Methods We compared data from Euro-GASP and national systems from 12 countries for azithromycin (AZ), cefixime (CEF) and ciprofloxacin (CIP) from 2009–2013 and performed Poisson regression to identify differences (p<0.05) between the proportions of resistant isolates in Euro-GASP and national data sets. The 2014 Euro-GASP AMR data for each country (n=19) were weighted to account for differences according to patient characteristics (age group, sexual orientation and gender) between the Euro-GASP patient data and the European STI surveillance data. Data were compared to determine whether resistance levels shifted above or below the 5% threshold used to assess the clinical utility of GC treatments.

Results Euro-GASP isolates were more likely to be resistant for AZ (incidence-rate ratio (IRR) 1.3, 1.1–1.5 95% confidence interval (CI), p=0.003) and less likely to be resistant for CEF (IRR 0.8, 0.7–0.9 95% CI, p=0.007) compared to the national data. There was no significant difference for CIP.

Weighting slightly altered the estimates of overall AMR (−4.7%–4.7% difference). More apparent differences for AZ and CIP (9.5%–17.9%) were observed for countries with low isolate numbers and low completeness of reporting (n=3).
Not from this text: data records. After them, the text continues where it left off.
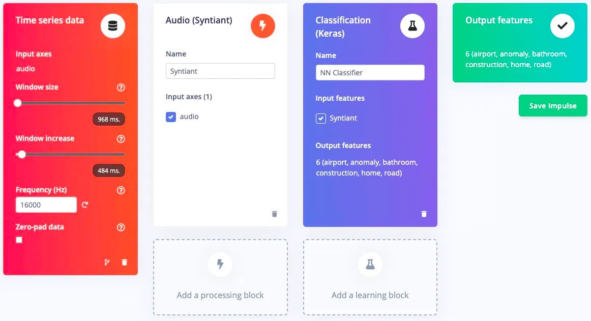 An impulse was then designed to handle processing and classifying these audio samples. A preprocessing audio (Syntiant) block was added to extract the most relevant time and frequency features from the signal. It also performs additional processing specific to the Syntiant NDP101 chip to make the most of this neural network accelerator. Finally, a neural network classifier was added to learn the mappings between features and environmental sound classes. The default hyperparameters were kept, and just like that, the machine learning model design was finished.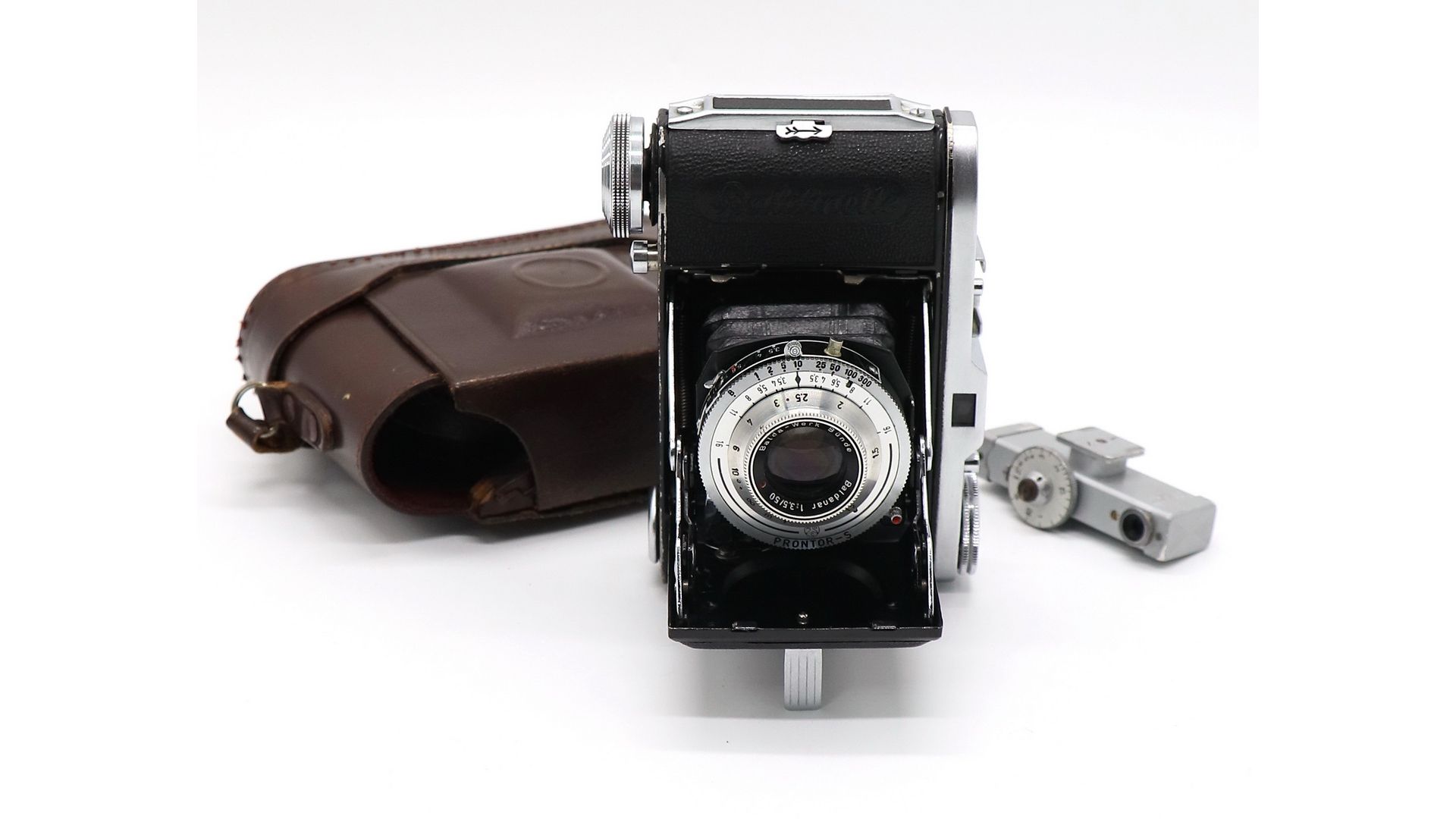 Его ксеноновый объектив 50 мм f / 2 поставляется легендарной оптической компанией Schneider-Kreuznach и соединен с затвором со скоростью от одной до 1/500 секунды от известного производителя затворов F. Deckel. Блоки внешнего освещения можно синхронизировать с затвором через кабель и выбирать в зависимости от типа с помощью крошечного зеленого рычажка в нижней части оправы объектива. Крышка объектива как у многих складных камер оснащена ножкой-стойкой. То есть в некоторых случаях можно обойтись и без штатива.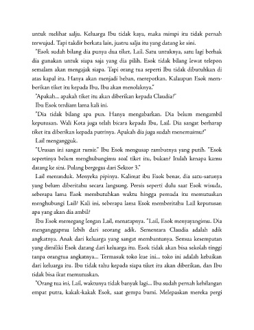 Ibu Esok memegang lengan Lail, menatapnya. ” Lail, Esok me nyayangimu. Dia

Weighting caused AMR levels to cross the 5% threshold in one country (CEF 5% to 3.4%).

Conclusion The comparability of resistance proportions was satisfactory for CIP; MICs for CIP-resistant gonococci were mostly well above the resistance breakpoint, so testing and interpretation remained reliable. The differences for CEF and AZ resistance proportions were likely due to variability induced by strains with MICs close to the resistance breakpoints. Weighting of the Euro-GASP 2014 data provided similar estimates of AMR, demonstrating that Euro-GASP laboratories submit representative isolates in respect to patient characteristics.